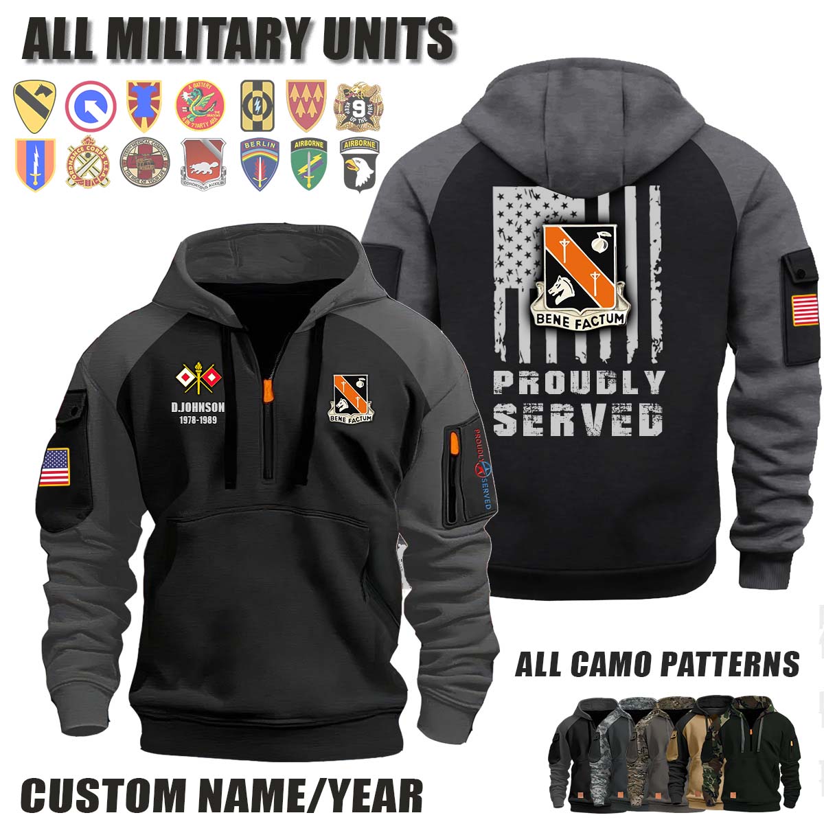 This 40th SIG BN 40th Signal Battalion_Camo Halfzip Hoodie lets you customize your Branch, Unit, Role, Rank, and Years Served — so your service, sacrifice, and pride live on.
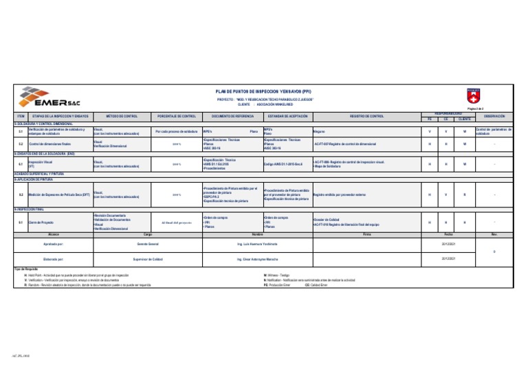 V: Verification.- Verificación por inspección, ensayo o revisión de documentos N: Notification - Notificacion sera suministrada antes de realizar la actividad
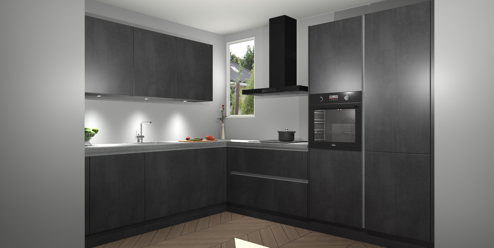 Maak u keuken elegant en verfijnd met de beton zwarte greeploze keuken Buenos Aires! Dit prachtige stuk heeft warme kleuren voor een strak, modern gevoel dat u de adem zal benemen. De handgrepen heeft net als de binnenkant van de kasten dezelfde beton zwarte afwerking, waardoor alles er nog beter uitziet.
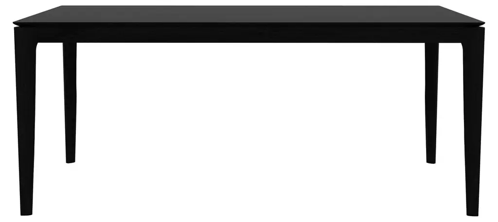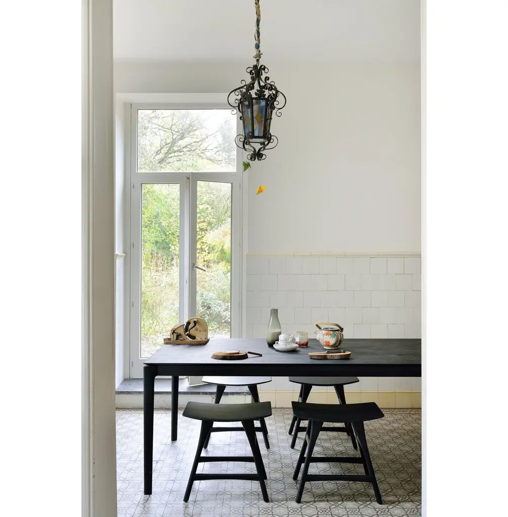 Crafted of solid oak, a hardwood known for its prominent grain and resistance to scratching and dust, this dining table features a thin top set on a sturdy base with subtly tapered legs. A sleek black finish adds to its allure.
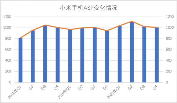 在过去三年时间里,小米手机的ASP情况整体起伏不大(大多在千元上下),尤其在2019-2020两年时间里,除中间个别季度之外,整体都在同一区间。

━━━━━━

* _Work order_
Wherever a picture appears in the material above, skip it and copy the rest without change.

* _Solution for this task_
 This 40th SIG BN 40th Signal Battalion_Camo Halfzip Hoodie lets you customize your Branch, Unit, Role, Rank, and Years Served — so your service, sacrifice, and pride live on.
 V: Verification.- Verificación por inspección, ensayo o revisión de documentos N: Notification - Notificacion sera suministrada antes de realizar la actividad
 Maak u keuken elegant en verfijnd met de beton zwarte greeploze keuken Buenos Aires! Dit prachtige stuk heeft warme kleuren voor een strak, modern gevoel dat u de adem zal benemen. De handgrepen heeft net als de binnenkant van de kasten dezelfde beton zwarte afwerking, waardoor alles er nog beter uitziet.
 Crafted of solid oak, a hardwood known for its prominent grain and resistance to scratching and dust, this dining table features a thin top set on a sturdy base with subtly tapered legs. A sleek black finish adds to its allure.
 在过去三年时间里,小米手机的ASP情况整体起伏不大(大多在千元上下),尤其在2019-2020两年时间里,除中间个别季度之外,整体都在同一区间。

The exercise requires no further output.